Monument to the 140th New York. Patrick O’Rorke led his nearly 500 men in a counter attack down Little Round Top. He was shot through the neck and mortally wounded. It is his face on the front of his regiments monument.

If Vincent did indeed fall on this spot, he fell within 100 yards of some other Union heroes who died in the defense of Little Round Top:

Brigadier General Stephen Weed, who was the former 5th Corps artillery chief and led a mixed Pennsylvania & New York brigade to the top of the hill and secured Vincent’s right flank.

Lieutenant Charles Hazlett brought Battery D, 5th United States Artillery to the top of the hill. From there, his six 10-Pounder Parrot Rifles supported the Federal line.

Then there was Colonel Patrick O’Rorke.
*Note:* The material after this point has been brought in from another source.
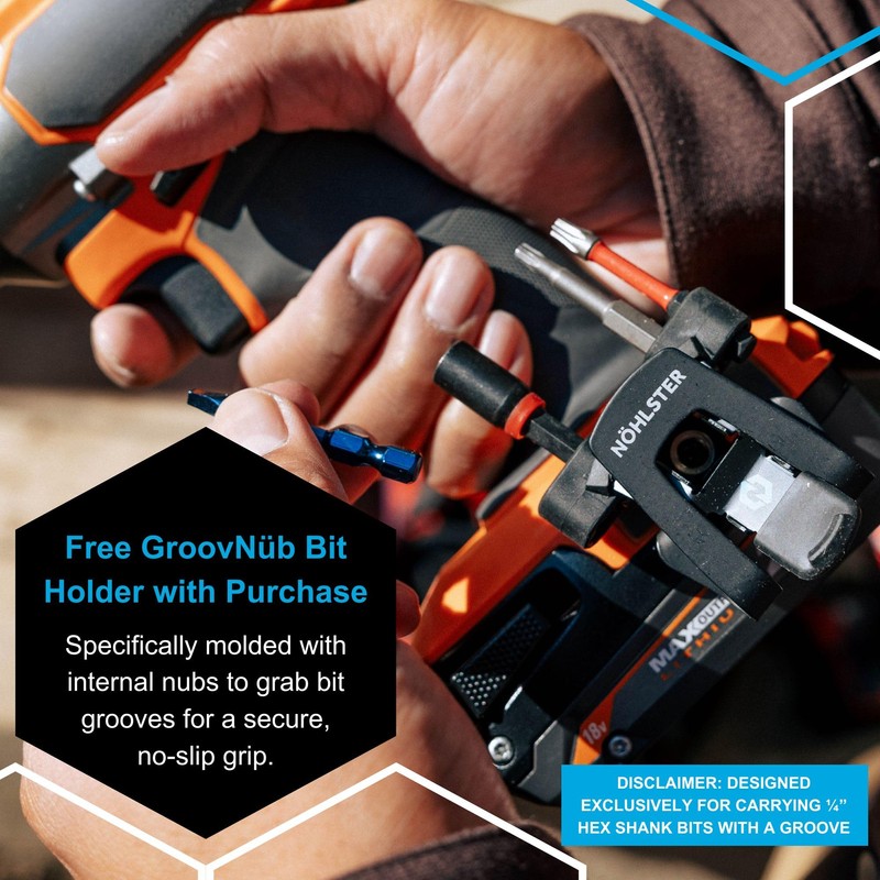 - KEEP BITS ON BOARD | Locates on clip-side of cordless power tools so longer bits won’t stab the back of hand and bits are easier to see and select. Economical replaceable drill bit holder for impact driver or power drill. 4 impact bit holder design rivals more costly magnetic bit holder. The GroovNüb bit holder is optimized for bits with a groove. Internal nubs grab bit grooves to grip bits better.

Paddy graduated at the top of his West Point class in June of 1861. O’Rorke was killed while leading a charge down the southeastern face of Little Round Top.

The actions of Vincent, Weed, Hazlett, and O’Rorke have all been overshadowed by one man, Joshua Lawrence Chamberlain. Chamberlain’s fame has grown exponentially since the battle. His postwar self-aggrandizement, coupled with the release of both The Killer Angels, and the movie Gettysburg, have tainted the historiography of the battle forever. (See Garry Adelman’s excellent book The Myth of Little Round Top; or Thomas Desjardin’s These Honored Dead: The Story of How Gettysburg Shaped American Memory.)  If it’s any consolation to O’Rorke, he does have a pretty bitchen bar in town named after him. We at ECW highly recommend it!

To Reach Vincent’s Rock:

-From the town square, follow Baltimore Street south for 0.5 miles.
-At the Y intersection bear to the right and follow Steinwehr Ave. for 0.2 miles.
-At the traffic light, turn left onto the Taneytown Road.
-Follow the Taneytown Road for 2.6 miles and then turn right onto Wright Ave. (If you cross over the top of the 15 bypass you have gone too far).
-Follow Wright Ave. for 0.6 miles (don’t miss the Vermont Brigade Monument along the way, it’s pretty cool).
-At the intersection turn right and ascend Little Round Top. Park where you can find a spot.
-Exit your car and go to the 12th & 44th New York Monument atop the hill, it’s the big castle. If you can’t find this monument get in your car and go home, you will never find the rock.
-Stand facing the front of the castle. A small cluster of boulders is to the left, with a path way leading between the boulders and monument. The engraved rock is among those boulders.

PLEASE USE EXTREME CAUTION CLIMBING ON THE ROCKS.

Vincent Map



5 Responses to Gettysburg Off the Beaten Path: Vincent’s Rock

    1. Wow Gary Adelman must be a jaded Pennsylvanian to have written that book. How does he know what happened? Chamberlain was there, Adelman was not.

      1. Well, Garry is from Chicago and not Pennsylvania, and he is one of the leading historians on the subject. Chamberlain was well known to embellish his war time stories. His former second in command loathed him and his embellishments (we have the letters). Chamberlain is trained in rhetoric (that is a fact). The story that he tells about Little Round Top changes from audience-to-audience, account-to-account, year-to-year (all of these exist and you can read for yourself). The commander of the brigade and all three of the other regimental commanders of the 83rd PA, 16th MI, and the 44th NY did not survive the war to tell their stories (another verifiable fact). Chamberlain even disagreed with his own soldiers as to what they did and where the 20th Maine’s monument should be placed (feel free to see those sources, too). In short, Garry and many others have done the research to find out what happened on the hill, and did not just take one persons varying accounts at face value.